Provided material:
---*---

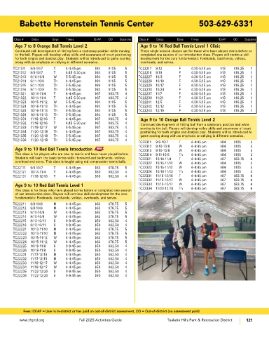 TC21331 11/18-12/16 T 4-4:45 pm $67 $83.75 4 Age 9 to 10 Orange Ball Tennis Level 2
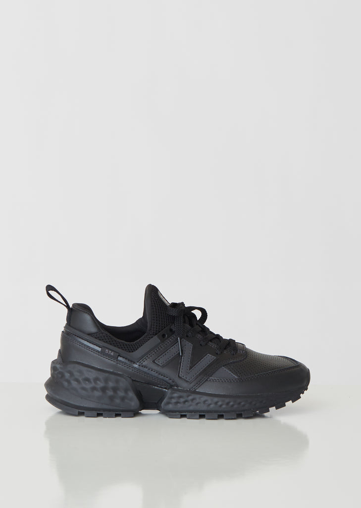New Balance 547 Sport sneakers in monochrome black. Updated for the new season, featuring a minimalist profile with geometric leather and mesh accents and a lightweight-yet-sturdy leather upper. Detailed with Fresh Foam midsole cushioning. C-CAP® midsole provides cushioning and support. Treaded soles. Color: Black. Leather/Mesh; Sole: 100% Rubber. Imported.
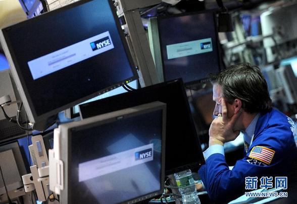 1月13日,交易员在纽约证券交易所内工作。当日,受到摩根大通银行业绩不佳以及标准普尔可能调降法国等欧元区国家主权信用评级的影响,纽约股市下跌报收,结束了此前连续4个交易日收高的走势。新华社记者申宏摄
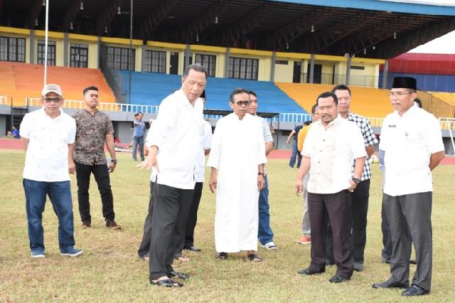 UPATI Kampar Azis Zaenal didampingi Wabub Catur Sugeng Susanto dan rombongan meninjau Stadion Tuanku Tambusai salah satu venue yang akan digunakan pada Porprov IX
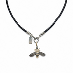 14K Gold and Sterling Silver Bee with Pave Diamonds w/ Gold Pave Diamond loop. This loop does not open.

---*---

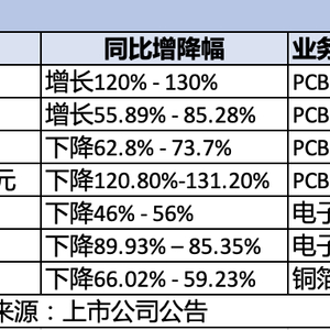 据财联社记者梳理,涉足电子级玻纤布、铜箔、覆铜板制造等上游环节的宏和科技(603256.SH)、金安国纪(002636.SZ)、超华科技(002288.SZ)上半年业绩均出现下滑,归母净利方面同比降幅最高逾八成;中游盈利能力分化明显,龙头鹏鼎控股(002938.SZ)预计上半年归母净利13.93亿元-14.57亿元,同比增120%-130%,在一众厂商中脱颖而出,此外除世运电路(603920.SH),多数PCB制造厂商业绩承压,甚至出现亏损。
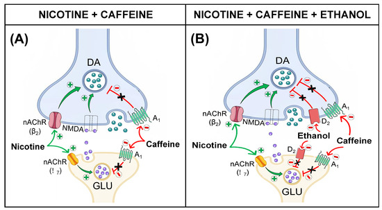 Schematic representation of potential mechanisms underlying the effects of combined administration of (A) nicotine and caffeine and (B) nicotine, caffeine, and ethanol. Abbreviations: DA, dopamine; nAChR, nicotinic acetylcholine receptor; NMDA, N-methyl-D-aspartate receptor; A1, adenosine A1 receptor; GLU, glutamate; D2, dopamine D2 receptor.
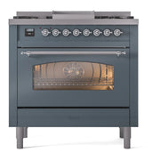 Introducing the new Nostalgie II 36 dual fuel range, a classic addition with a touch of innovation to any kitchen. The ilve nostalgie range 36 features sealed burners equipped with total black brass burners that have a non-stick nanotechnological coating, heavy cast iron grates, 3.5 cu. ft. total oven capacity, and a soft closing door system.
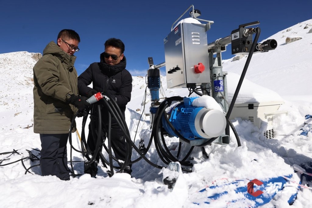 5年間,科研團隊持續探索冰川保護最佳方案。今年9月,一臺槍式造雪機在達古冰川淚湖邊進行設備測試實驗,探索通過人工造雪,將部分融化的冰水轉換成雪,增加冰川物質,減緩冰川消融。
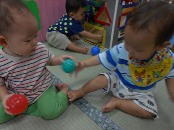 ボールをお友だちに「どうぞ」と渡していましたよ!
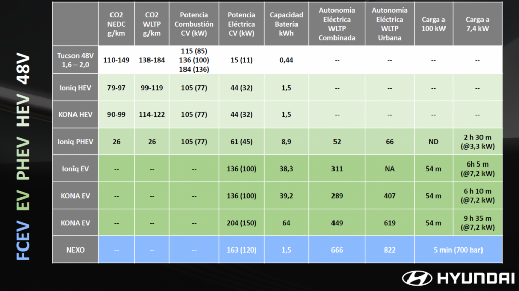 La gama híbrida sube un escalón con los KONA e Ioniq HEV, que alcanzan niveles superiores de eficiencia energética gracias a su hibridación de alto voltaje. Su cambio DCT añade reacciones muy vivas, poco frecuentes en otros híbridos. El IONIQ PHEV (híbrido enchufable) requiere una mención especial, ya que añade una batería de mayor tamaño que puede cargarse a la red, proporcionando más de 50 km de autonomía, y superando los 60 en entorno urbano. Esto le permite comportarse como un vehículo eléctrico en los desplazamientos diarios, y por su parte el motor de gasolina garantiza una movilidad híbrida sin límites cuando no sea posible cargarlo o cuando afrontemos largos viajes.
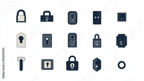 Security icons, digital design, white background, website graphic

---*---

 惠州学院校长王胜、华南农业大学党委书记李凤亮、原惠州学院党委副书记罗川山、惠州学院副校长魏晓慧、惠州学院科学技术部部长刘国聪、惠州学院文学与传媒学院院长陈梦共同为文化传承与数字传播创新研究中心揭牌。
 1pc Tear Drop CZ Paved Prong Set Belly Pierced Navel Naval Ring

---*---

Exercise: Although the records above contain pictures, the copy should not; retype exactly the lines from the one containing "UPATI Kampar Azis" through the one containing "14K Gold and".

Output of the task:
 UPATI Kampar Azis Zaenal didampingi Wabub Catur Sugeng Susanto dan rombongan meninjau Stadion Tuanku Tambusai salah satu venue yang akan digunakan pada Porprov IX
 14K Gold and Sterling Silver Bee with Pave Diamonds w/ Gold Pave Diamond loop. This loop does not open.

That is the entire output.